I've seen $\mathbb{K}$ in a few places defining affine function without a definition, wondering what it means. For example:
A function $f : \mathbb{K}^m \to \mathbb{K}^n$ is affine if there exists a vector $\vec{b} \in \mathbb{K}^n$ and a matrix $A \in \mathbb{K}^{m\times n}$ such that:
$$\forall\vec{x} \in \mathbb{K}^m, f(\vec{x}) = A\vec{x}+\vec{b}$$
On
It usually stands for field. It comes from German word Körper.
From wikipedia:
In $1871$ Richard Dedekind introduced, for a set of real or complex numbers which is closed under the four arithmetic operations, the German word Körper, which means "body" or "corpus" (to suggest an organically closed entity). The English term "field" was introduced by Moore (1893)

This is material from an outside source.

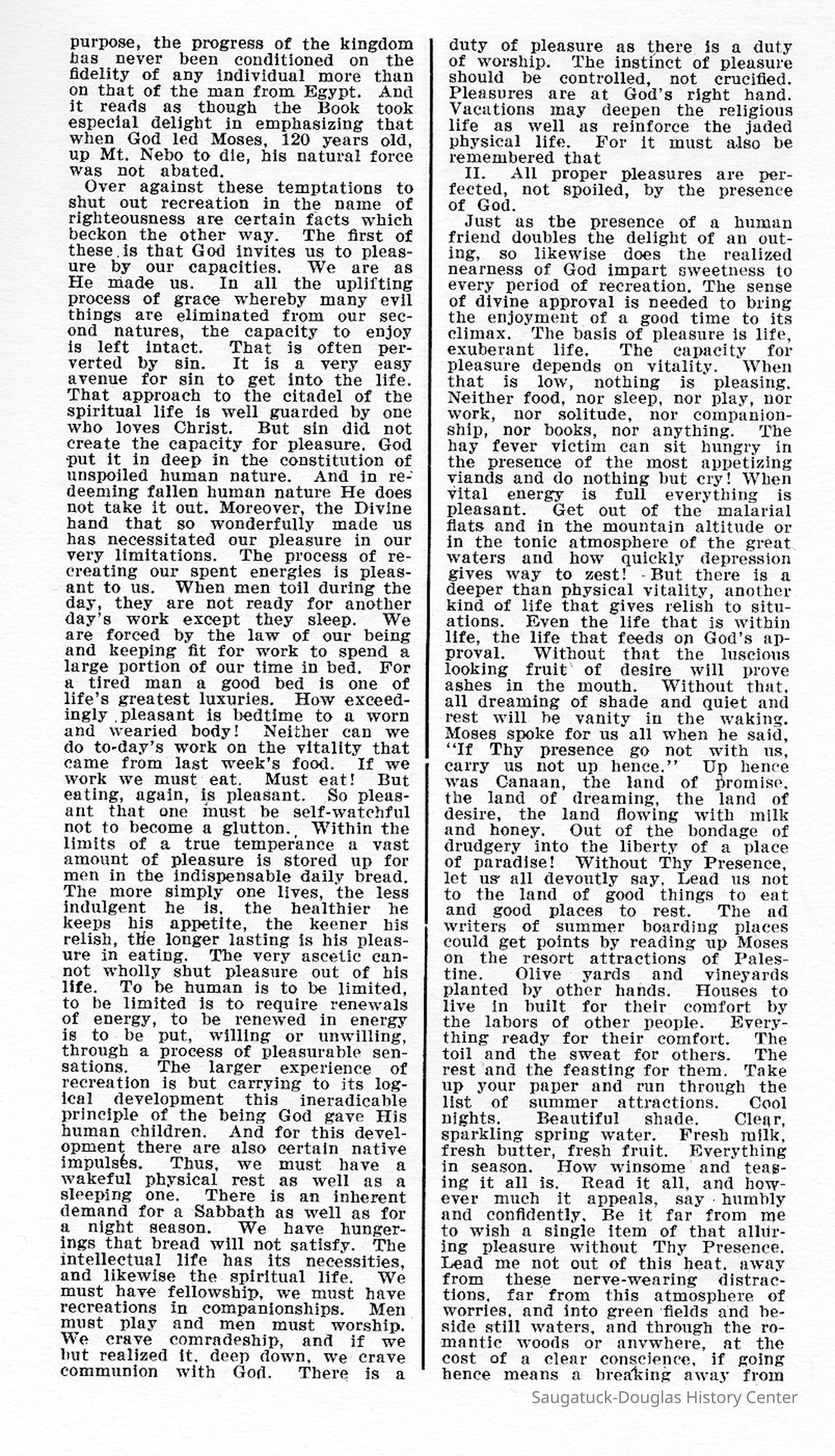 The Ideal Pleasure Resort, Sermon preached by Rev. G. N. Luccock at the dedication of Lake Shore Chapel, near Saugatuck, Mich., July 17, 1904.

The symbol $\mathbb{K}$ is just a variable, like any other. It does not have any fixed meaning.
However, it is traditional to use the letter $k$ (and variants of it) to denote fields. So, $\mathbb{K}$ would usually denote some particular field which is fixed throughout what you are doing. It's rather lazy to just start using it with such a meaning without including a line like "Let $\mathbb{K}$ be a field", though.